*** Information supplied ***

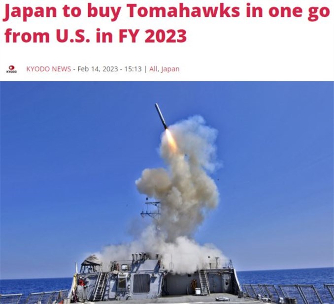 △日本共同社:日本防卫大臣浜田靖一近期宣布,日本政府将在2023财年与美国签订批量购买美制“战斧”巡航导弹的合同,并称“战斧”将作为攻击他国导弹基地的武器使用。
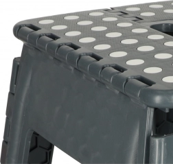 Praktikus, 39,5 cm magas, összecsukható fellépő, amely biztonságos és stabil megemelést nyújt, amikor magasabban kell elérnie valamit. Könnyű műanyag szerkezet csúszásgátló felülettel és legfeljebb 150 kg teherbírással, integrált fogantyúval a könnyű hordozhatóságért és tárolásért.
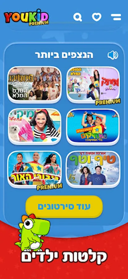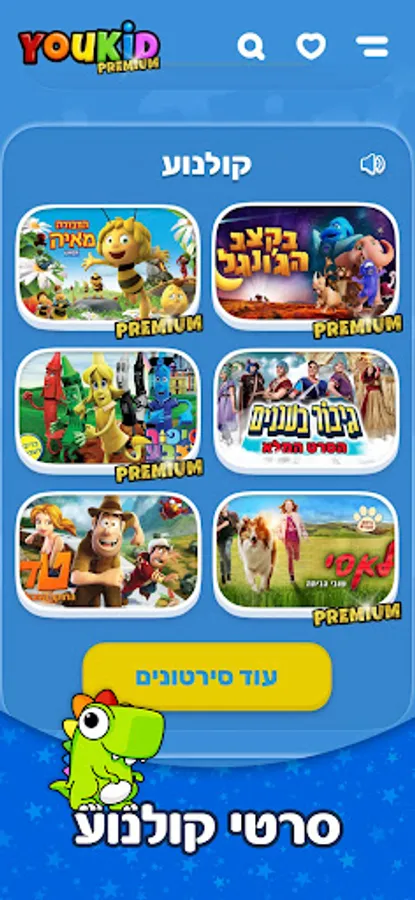 Youkid was designed especially for children and gives them a safe and easy-to-use world with the talents they know and children's content from all time including all the festigals, Motek, Baby, new and classic shows like Pim Pam Po, Dig Dig Dug, Tiff and Taf, and more. The content in Youkid is monitored and filtered and can be adjusted according to the age of your child.
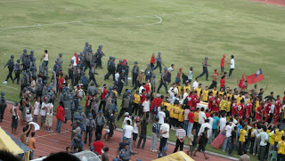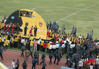 ထိုအခ်ိန္တြင္ အႏိုင္ရသည့္ အသင္းမ်ားကို ဆုေပးမည့္ အားကစား ၀န္ႀကီး ၏ လံုၿခံဳေရးအတြက္ ကြင္းထဲေရာက္ေနသည့္ ေအာင္ပြဲခံခဲ့ၾကသည့္ ပရိသတ္ကို လံုထိန္းမ်ားက ေသနတ္ျဖင့္ခ်ိန္ကာ ဟန္႔တားေမာင္းထုတ္ခဲ့သည့္ ျဖစ္ရပ္ ျဖစ္ပြားခဲ့ျခင္းျဖစ္သည္
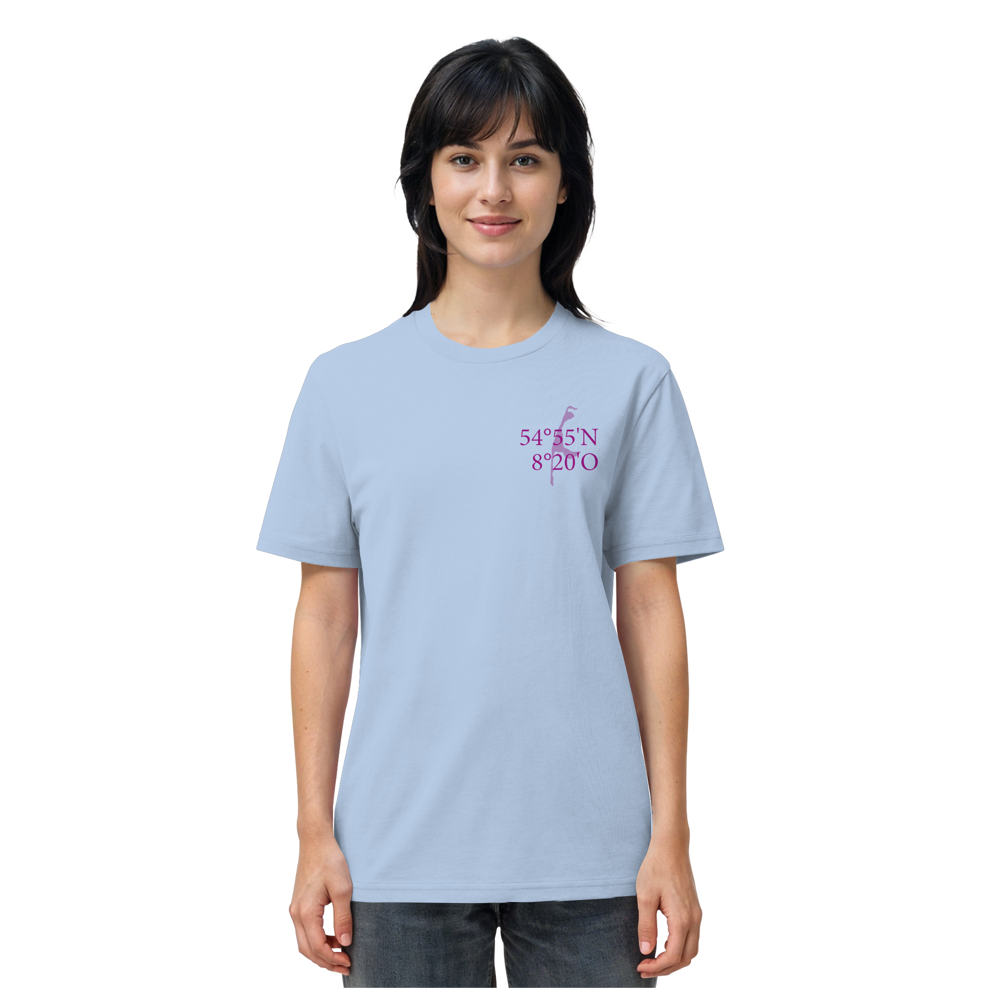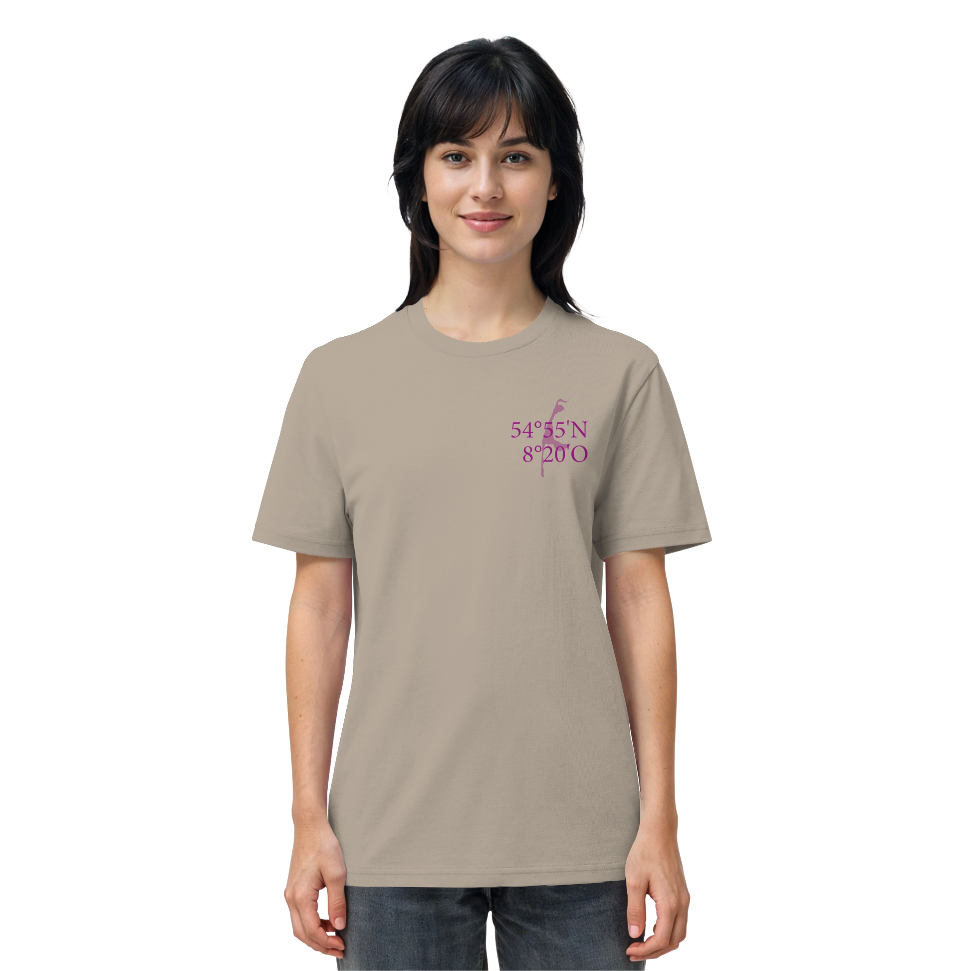 Das "Deine Koordinaten - Basic Shirt" verbindet Stil mit Bedeutung. Die markanten Koordinaten und der künstlerische Umriss in kräftigem Violett erzählen von Abenteuern und Erinnerungen.

*** End of Information supplied ***

_Instructions for the task_.
What is needed is a verbatim copy of every entry, with the pictures omitted.

_Task solution_.
 △日本共同社:日本防卫大臣浜田靖一近期宣布,日本政府将在2023财年与美国签订批量购买美制“战斧”巡航导弹的合同,并称“战斧”将作为攻击他国导弹基地的武器使用。
 Praktikus, 39,5 cm magas, összecsukható fellépő, amely biztonságos és stabil megemelést nyújt, amikor magasabban kell elérnie valamit. Könnyű műanyag szerkezet csúszásgátló felülettel és legfeljebb 150 kg teherbírással, integrált fogantyúval a könnyű hordozhatóságért és tárolásért.
 Youkid was designed especially for children and gives them a safe and easy-to-use world with the talents they know and children's content from all time including all the festigals, Motek, Baby, new and classic shows like Pim Pam Po, Dig Dig Dug, Tiff and Taf, and more. The content in Youkid is monitored and filtered and can be adjusted according to the age of your child.
 ထိုအခ်ိန္တြင္ အႏိုင္ရသည့္ အသင္းမ်ားကို ဆုေပးမည့္ အားကစား ၀န္ႀကီး ၏ လံုၿခံဳေရးအတြက္ ကြင္းထဲေရာက္ေနသည့္ ေအာင္ပြဲခံခဲ့ၾကသည့္ ပရိသတ္ကို လံုထိန္းမ်ားက ေသနတ္ျဖင့္ခ်ိန္ကာ ဟန္႔တားေမာင္းထုတ္ခဲ့သည့္ ျဖစ္ရပ္ ျဖစ္ပြားခဲ့ျခင္းျဖစ္သည္
 Das "Deine Koordinaten - Basic Shirt" verbindet Stil mit Bedeutung. Die markanten Koordinaten und der künstlerische Umriss in kräftigem Violett erzählen von Abenteuern und Erinnerungen.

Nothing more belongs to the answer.